Materials and Methods

Collecting OMIA variants

We annotated sequence variants in animals using the SQL dump of OMIA (release 08/2015) [24]. Gene symbols and the text from the section Molecular basis were extracted for all diseases (i) considered as defect by OMIA and (ii) with the causal variant known. We then read the text and publications to extract variant annotations in the standard format of, e.g. A11W: native alanine (A) at residue position 11 mutated to tryptophan (W). OMIA already contained 82 variants in this format possibly enabling automated extraction through a regular expression. However, at least one of the 82 was outdated; this fact was mentioned in the description, but would have been missed by automation. Our effort yielded another 96 variants. Thus, we could use 178 OMIA variants in total. Next, we retrieved the protein sequences of the OMIA variants by querying UniProtKB (release 2015_08) with the gene symbol and NCBI taxonomy identifier extracted from OMIA. When we had multiple matches, we chose the top match. Among the 178 variants, three synonymous variants were excluded. Of the remaining 175, 12 had to be excluded because the above protocol did not yield a sequence. In 46 cases a sequence could be retrieved but the amino acid found at the position denoted by OMIA was not the one found in the sequence at that position, e.g. for OMIA variant A11W, the amino acid at position 11 in the sequence was not alanine (A). In 110 cases the amino acid was found as expected and in seven additional cases shifting the position by +1 yielded the expected sequence. The “+1” accounts for sequences stored without the initiator methionine. Our final data set of 117 variants from 99 sequences (S2 Table) is available at https://rostlab.org/resources/omia. The attrition rate leading to the 117 mutations is summarized again in S3 Table. Most of the variants in the final dataset were from dogs (39%) and cattle (21%). These ratios were comparable to those for original 178 variants (44% and 21%). We annotated another 12 positions with single amino acid deletions and 48 variants leading to premature stop codons. However, since SNAP2 only predicts effect for changes of amino acids not their removal or premature stop of the amino acid sequence, these were not used in the further analysis.

OMIM, SNPdbe, and PMD

We extracted 5,661 OMIM [5] variants with sequences from SNPdbe [42]. SNAP2 [16] was trained on SAVs from PMD, the Protein Mutation Database [43] as well as human disease variants from OMIM and HumVar [5,28]. For the sets shown in Fig 1A, we trained a version of SNAP2 on only molecular effect variants, i.e. without variants from OMIM or HumVar, and show cross-validation results for that (TrEffect and TrNeutral). In all other cases, the training set of SNAP2 also included disease variants [16].

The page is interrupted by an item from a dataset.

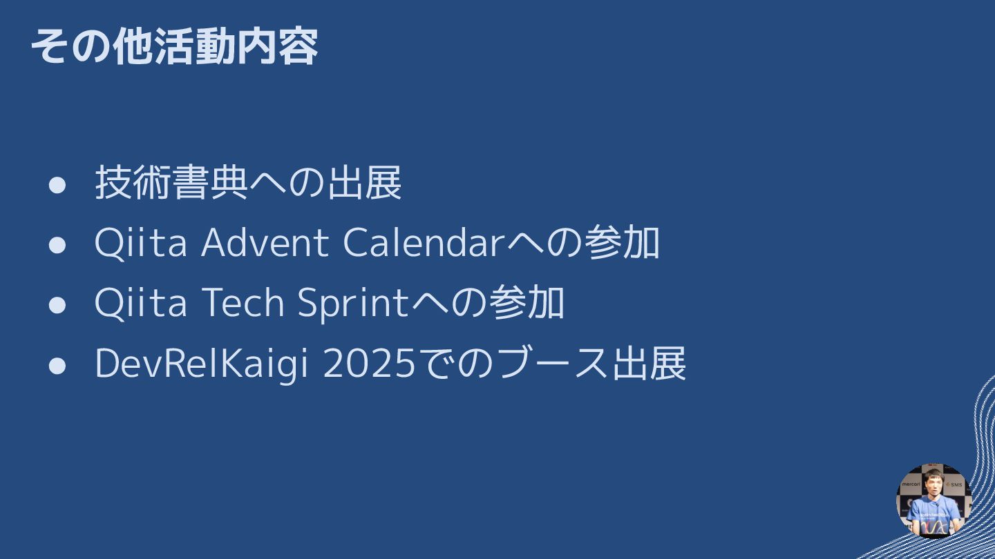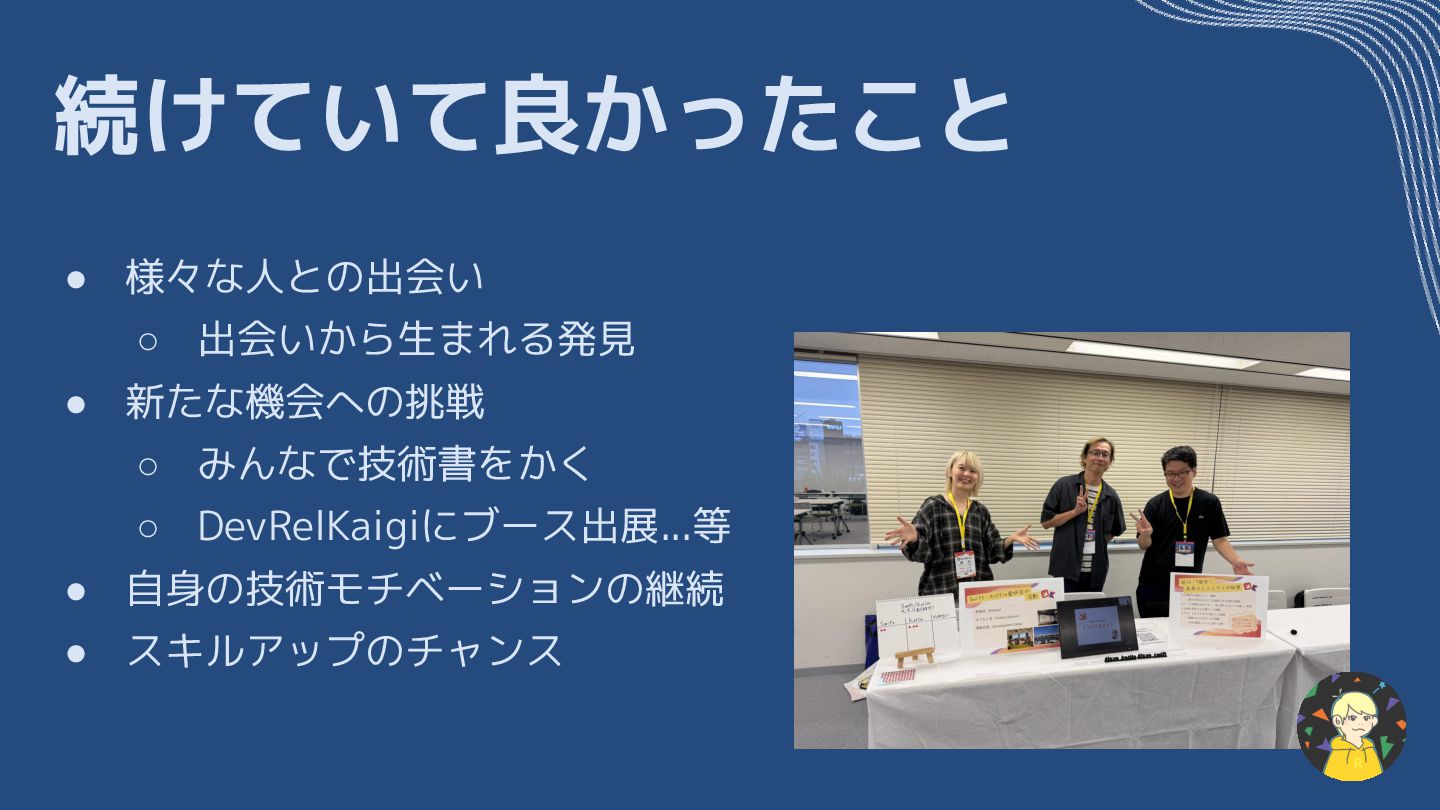 DevRelKaigiにブース出展...等 • 自身の技術モチベーションの継続 • スキルアップのチャンス

Ortholog mapping for OMIM variants to mouse

Human homologs of the animal genes from OMIM were retrieved using the Biomart interface [44] of Ensembl Genes 82 (release 09/2015) [45]. 271 sequences from the OMIM mutation set were removed because they were not found in the Ensembl set. The remaining 1,293 sequence pairs were aligned using the global alignment implemented in BioPython’s globalds with BLOSUM62 as substitution matrix, gap open -10 and gap extend -0.5 [46]. Variants at positions with insertions (aligned against a gap) were removed. After transferring the variants from the human to the mouse sequence, some variants implied no change because for the human X2Y variant, the mouse had Y as its native amino acid, i.e. the “variant” in mouse would have been a synonymous Y2Y. Removing all such cases and their respective variant in human, the final set comprised 4,229 variants (of the original 5,661 OMIM variants) in both human and the mouse homologs, i.e. the “in silico humanized mouse model” (denoted as “OMIM in mouse” in Fig 1).

Prediction methods

For all variants, effects were predicted by SIFT [27,47], PolyPhen-2 [12] and SNAP2 [16]. We used SNAP2 with the parameter tolerate, that performs predictions even if underlying methods fail, to obtain results for all variants. For some analyses (S2 and S3 Figs, S5 and S7 Figs), we used SNAP2 without alignments as input, by using the skip parameter. SIFT predictions were obtained locally with version 4.0.3b [47]. PolyPhen-2 predictions were obtained locally using version 2.2.2 [12]. All three methods used a BLAST database created by merging PDB and UniProtKB (release 2015_08), followed by a redundancy reduction at 80% sequence identity with CD-HIT [48,49]. We used the default cutoffs of each method to obtain binary predictions into either effect or neutral for every variant.

Statistics

The background effects for the OMIM data (Figs 1D and S1 and S8) were estimated as follows: At every disease variant position, we mutated to either (i) the amino acid denoted in the disease SAV (OMIM, Figs 1D and S8) or (ii) considered one randomly out of the SNV-possible variants, i.e. mutations to amino acids that could occur by a single nucleotide change (OMIM_rand, S1 Fig). This simplification was imposed by the incompleteness in the knowledge of the underlying DNA sequences. We assume that our hack approximation to “all SNV-possible” provides a sufficiently accurate approximation.

For the non-disease positions, we sampled a random set of positions without known disease variants from the same proteins (NotOMIM). Non-disease positions were never sampled from the first and last 10 residues of a sequence, since SNAP2 uses an input window size of 21. The predicted effect at the NotOMIM positions was evaluated as before. (i) Either given an OMIM mutation such as I10L, we randomly picked a non-disease position with isoleucine and mutated it to leucine (NotOMIM, Figs 1D and S8). (ii) Alternatively, we chose a random SNV-possible variant from non-disease positions (NotOMIM_rand, S1 Fig).

For the conserved non-disease positions (NotOMIM conserved) we considered only non-disease positions that were at least as conserved as the known disease position. For instance, assume a protein P contains two disease variants X25Y and A100B. Randomly choose one out of all positions other than 25 and 100 in P that is at least as conserved as position 25. Then do the same for position 100 and all other variants in other proteins. Skip, if the disease position is the one most conserved in that protein and there is no other position with an equally high conservation. For the not conserved positions, we accordingly used all positions with conservation lower than that of the OMIM SAV. Conservation was measured through the information per position value from PSI-BLAST PSSMs created by querying the OMIM sequences against the 80% redundancy reduced database of UniProtKB and PDB mentioned in the previous section. At each NotOMIM conserved or not conserved position, effects were predicted as outlined above for cases i (NotOMIM (not) conserved, Figs 1D and S8) and ii (NotOMIM_rand (not) conserved, S1 Fig).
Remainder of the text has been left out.